The invention provides a method for optimizing a man-machine interaction interface of an intelligent cabin based on three decisions, which comprises the following steps:
s1, acquiring a gesture video in the cabin, and preprocessing the gesture video to obtain a static gesture image;
s2, performing segmentation processing on the gestures and the background in the gesture image to obtain a gesture area image;
s3, performing multi-granularity expression on the gesture area image from coarse granularity to fine granularity; extracting multi-granularity characteristics of the gesture area image by using a convolutional neural network;
s4, calculating the conditional probability of classifying each granularity gesture area image into each category from coarse granularity to fine granularity, and sequentially completing gesture recognition by utilizing three decisions;
s5, performing semantic conversion on the recognized gesture, and performing corresponding operation on the human-computer interaction interface according to the gesture recognition result after the semantic conversion;
s6, obtaining the best granularity by adopting a weighted summation mode, and repeatedly executing the steps S3-S5 by taking the best granularity as the finest granularity.
Further, the gesture area image is expressed in a multi-granularity mode from coarse granularity to fine granularity, and for the same gesture area image, the multi-granularity information expression mode is as follows:
wherein A isiInformation representing different granularities of images of gesture areas, A1Information indicating the coarse granularity of the image of the gesture area, AnInformation indicating that the gesture area image is in a fine granularity, namely the fine granularity comprises a coarse granularity; i 1,2, n, n represents the particle size.
Further, the extracting the multi-granularity features of the gesture area image by using the convolutional neural network comprises extracting the multi-granularity image features of the gesture image by using different convolutional kernels in the convolutional neural network.
Further, the step S4 includes extracting coarse-grained features from the gesture area image to make three decisions, if the classification category of the gesture can be determined, not continuing fine-grained feature extraction and further three decisions, otherwise, extracting finer-grained features to make three decisions until the classification category of the gesture area image is determined.

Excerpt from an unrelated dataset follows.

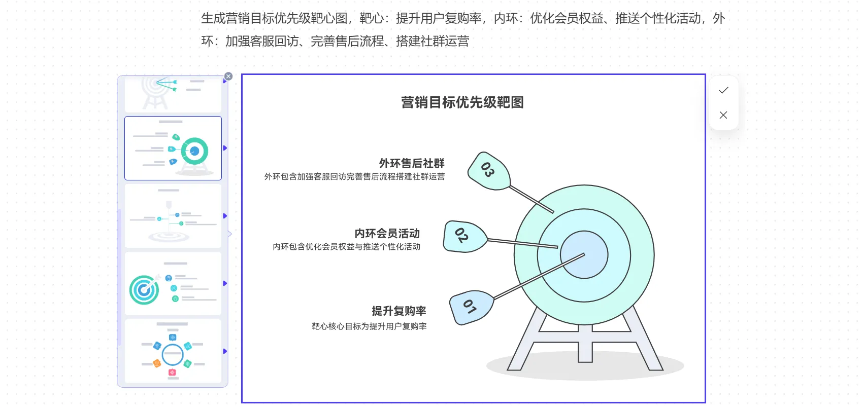 正確做法:明確場(chǎng)景、靶心、內(nèi)環(huán)、外環(huán)信息,如“生成電商營(yíng)銷靶心圖,靶心:提升銷售額,內(nèi)環(huán):優(yōu)化商品詳情頁、投放精準(zhǔn)廣告,外環(huán):開展直播帶貨、發(fā)放優(yōu)惠券、搭建用戶社群”。
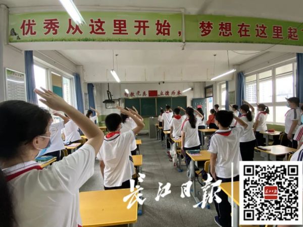 在八(2)班,为让学生们找回学习状态,班主任老师带领全班背诵《岳阳楼记》,学生们信心满满,个个都能背诵下来。

Further, the step S6 includes obtaining a final human-computer interaction interface optimization result for each granularity by a weighted summation method, so as to determine a granularity at which the gesture has the best human-computer interaction interface optimization effect;
Result=w×Acc+(1-w)×Time
Time=T1+T2
wherein Result is the optimal granularity of the gesture area image, Acc represents gesture recognition accuracy, Time represents Time spent in the gesture recognition process, w represents weight, T represents weight1Representing the time for extracting the multi-granularity features of the gesture area image; t is2Indicating the time at which the gesture was recognized.

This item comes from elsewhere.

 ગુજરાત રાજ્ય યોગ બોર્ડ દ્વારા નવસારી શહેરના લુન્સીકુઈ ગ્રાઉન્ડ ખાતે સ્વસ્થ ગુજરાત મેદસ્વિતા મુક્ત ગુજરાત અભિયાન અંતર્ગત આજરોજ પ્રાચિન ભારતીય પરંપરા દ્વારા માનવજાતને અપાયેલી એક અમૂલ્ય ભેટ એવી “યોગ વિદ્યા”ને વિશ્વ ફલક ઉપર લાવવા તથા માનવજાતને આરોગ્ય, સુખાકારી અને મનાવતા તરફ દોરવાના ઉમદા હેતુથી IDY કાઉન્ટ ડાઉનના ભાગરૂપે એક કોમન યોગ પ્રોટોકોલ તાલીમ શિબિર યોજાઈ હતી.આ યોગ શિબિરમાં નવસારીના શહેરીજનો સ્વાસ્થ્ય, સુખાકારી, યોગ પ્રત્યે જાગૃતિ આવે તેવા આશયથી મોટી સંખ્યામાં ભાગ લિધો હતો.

The invention provides a system for optimizing a human-computer interaction interface of an intelligent cockpit based on three decisions, which comprises a camera, a cockpit gesture acquisition module, a gesture image segmentation module, a multi-granularity feature extraction module, a three-decision gesture recognition module, a gesture semantic conversion module and an optimal granularity acquisition module, wherein the camera, the cockpit gesture acquisition module, the gesture image segmentation module, the multi-granularity feature extraction module, the three-decision gesture recognition module, the gesture semantic conversion module and the optimal granularity acquisition module;
the cockpit gesture acquisition module acquires a gesture video in the cockpit through a camera and converts a video frame into a series of static gesture images;
the gesture image segmentation module is used for segmenting the gesture and the background of the gesture image to obtain a gesture area image;
the gesture multi-granularity feature extraction module is used for extracting multi-granularity features of the gesture area image from coarse granularity to fine granularity;
the three-decision gesture recognition module is used for carrying out three-decision on the gesture area image in each granularity according to the extracted multi-granularity features so as to classify the gestures;
the gesture semantic conversion module is used for performing semantic conversion on the classified gestures;
the optimal granularity acquisition module is used for acquiring optimal granularity and sending the optimal granularity to the multi-granularity feature extraction module.
Further, the gesture multi-granularity feature extraction module comprises a convolutional neural network unit, and extracts multi-granularity image features of the gesture area image by using different convolutional kernels in the convolutional neural network unit; the multi-granularity information representation mode is specifically
Wherein A is
iInformation representing different granularities of images of gesture areas, A
1Information indicating the coarse granularity of the image of the gesture area, A
nInformation indicating that the gesture area image is in a fine granularity, namely the fine granularity comprises a coarse granularity;
i 1,2, n, n represents the particle size.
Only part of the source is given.